Task brief ::
Set down, word for word, every line of the material below from the one containing "Cavva 女式防水七分裤透气速干轻便柔软中腰弹性侧边可调节袖口 5" through the one containing "Resistance levels - 0.7628", but none of its pictures.

Input for this task ::
• • • • • • •
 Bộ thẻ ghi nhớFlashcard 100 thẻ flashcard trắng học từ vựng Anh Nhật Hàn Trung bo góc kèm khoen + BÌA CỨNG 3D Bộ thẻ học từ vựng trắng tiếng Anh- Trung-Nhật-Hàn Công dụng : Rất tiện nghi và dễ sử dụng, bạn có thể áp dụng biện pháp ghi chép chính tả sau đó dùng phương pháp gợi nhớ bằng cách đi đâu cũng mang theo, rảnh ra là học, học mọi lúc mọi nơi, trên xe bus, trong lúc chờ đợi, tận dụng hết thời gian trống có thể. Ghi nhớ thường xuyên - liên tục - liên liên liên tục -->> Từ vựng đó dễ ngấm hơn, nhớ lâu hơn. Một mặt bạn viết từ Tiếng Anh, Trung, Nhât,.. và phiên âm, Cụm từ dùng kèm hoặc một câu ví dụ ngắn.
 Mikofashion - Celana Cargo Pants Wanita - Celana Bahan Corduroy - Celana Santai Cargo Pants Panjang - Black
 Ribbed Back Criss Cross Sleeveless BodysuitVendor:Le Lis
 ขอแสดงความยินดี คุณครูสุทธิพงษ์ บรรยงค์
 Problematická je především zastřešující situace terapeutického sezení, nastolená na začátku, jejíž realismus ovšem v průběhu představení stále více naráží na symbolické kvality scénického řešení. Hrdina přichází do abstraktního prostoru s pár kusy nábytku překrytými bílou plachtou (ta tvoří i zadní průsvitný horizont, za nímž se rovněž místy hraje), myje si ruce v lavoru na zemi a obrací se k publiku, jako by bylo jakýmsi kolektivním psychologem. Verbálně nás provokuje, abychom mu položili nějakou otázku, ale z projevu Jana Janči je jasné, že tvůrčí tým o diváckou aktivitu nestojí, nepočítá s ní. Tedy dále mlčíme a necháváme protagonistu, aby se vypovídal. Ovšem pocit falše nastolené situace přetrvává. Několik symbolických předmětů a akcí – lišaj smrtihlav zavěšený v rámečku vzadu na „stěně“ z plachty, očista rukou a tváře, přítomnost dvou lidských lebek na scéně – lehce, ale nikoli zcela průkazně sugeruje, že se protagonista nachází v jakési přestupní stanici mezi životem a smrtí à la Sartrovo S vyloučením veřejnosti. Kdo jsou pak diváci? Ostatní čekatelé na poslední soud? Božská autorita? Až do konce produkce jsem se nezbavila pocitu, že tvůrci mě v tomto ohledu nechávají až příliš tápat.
• • • • • • •
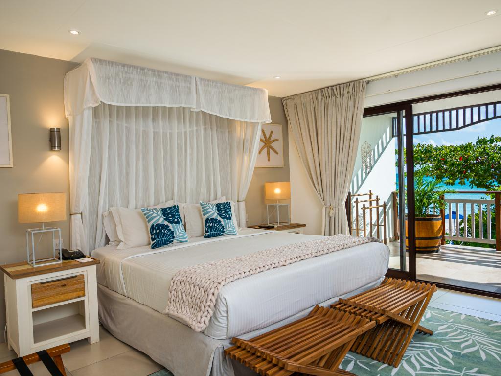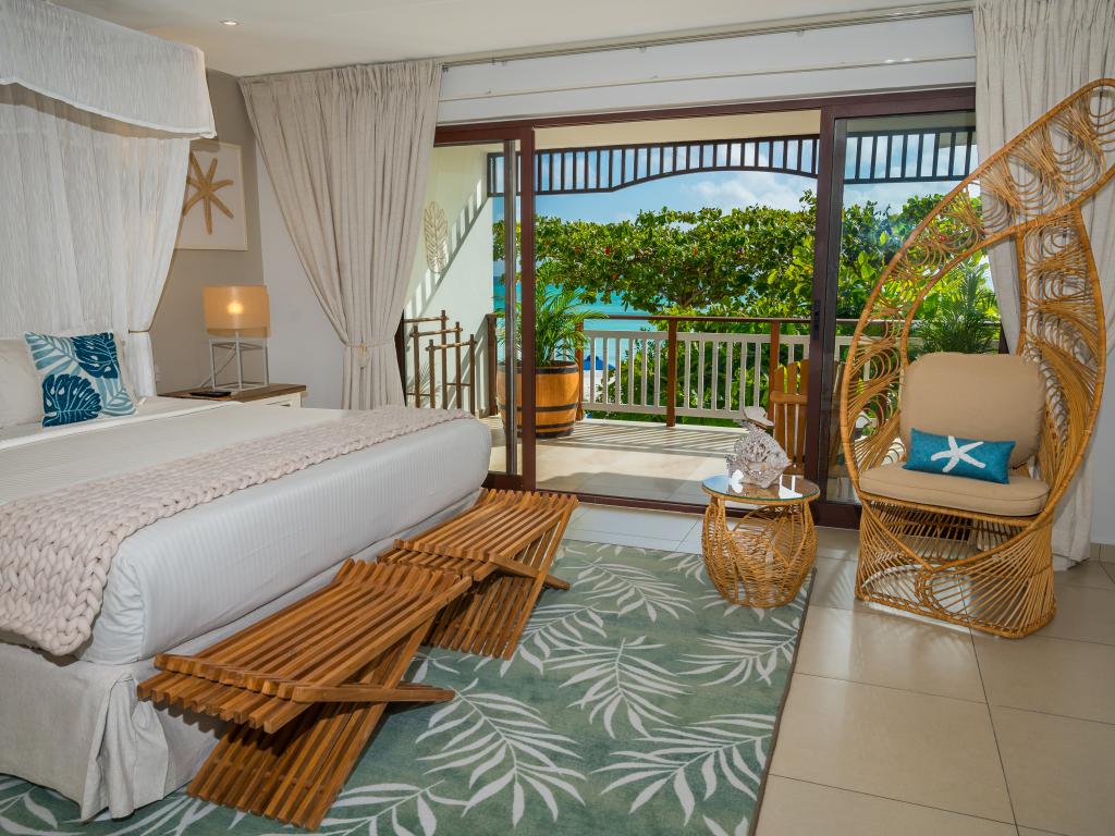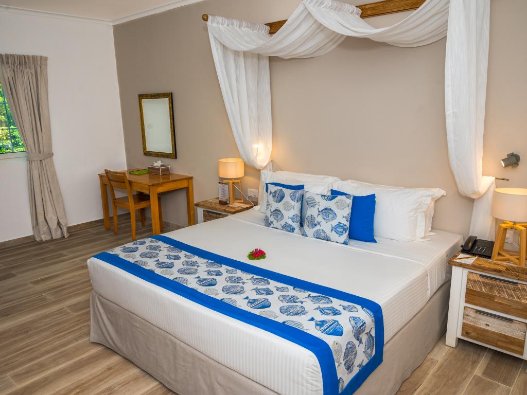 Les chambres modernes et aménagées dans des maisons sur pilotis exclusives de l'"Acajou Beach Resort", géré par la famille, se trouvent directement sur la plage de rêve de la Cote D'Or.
• • • • • • •
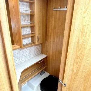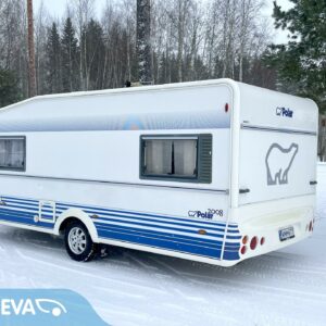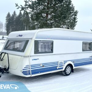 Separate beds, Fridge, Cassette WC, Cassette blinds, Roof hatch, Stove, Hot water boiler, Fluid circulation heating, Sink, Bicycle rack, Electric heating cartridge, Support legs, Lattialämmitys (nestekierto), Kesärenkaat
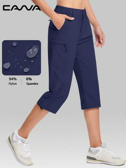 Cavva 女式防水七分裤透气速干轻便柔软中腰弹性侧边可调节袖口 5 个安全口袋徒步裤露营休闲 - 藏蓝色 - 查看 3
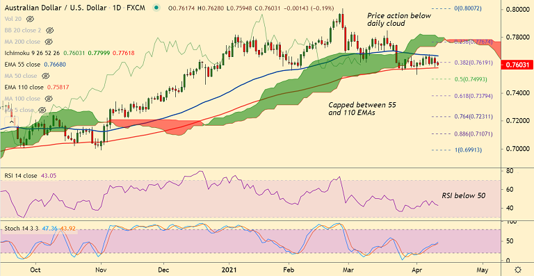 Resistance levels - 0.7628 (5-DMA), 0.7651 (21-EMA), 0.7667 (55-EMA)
• • • • • • •
Answer for the task ::
 Cavva 女式防水七分裤透气速干轻便柔软中腰弹性侧边可调节袖口 5 个安全口袋徒步裤露营休闲 - 藏蓝色 - 查看 3
 Resistance levels - 0.7628 (5-DMA), 0.7651 (21-EMA), 0.7667 (55-EMA)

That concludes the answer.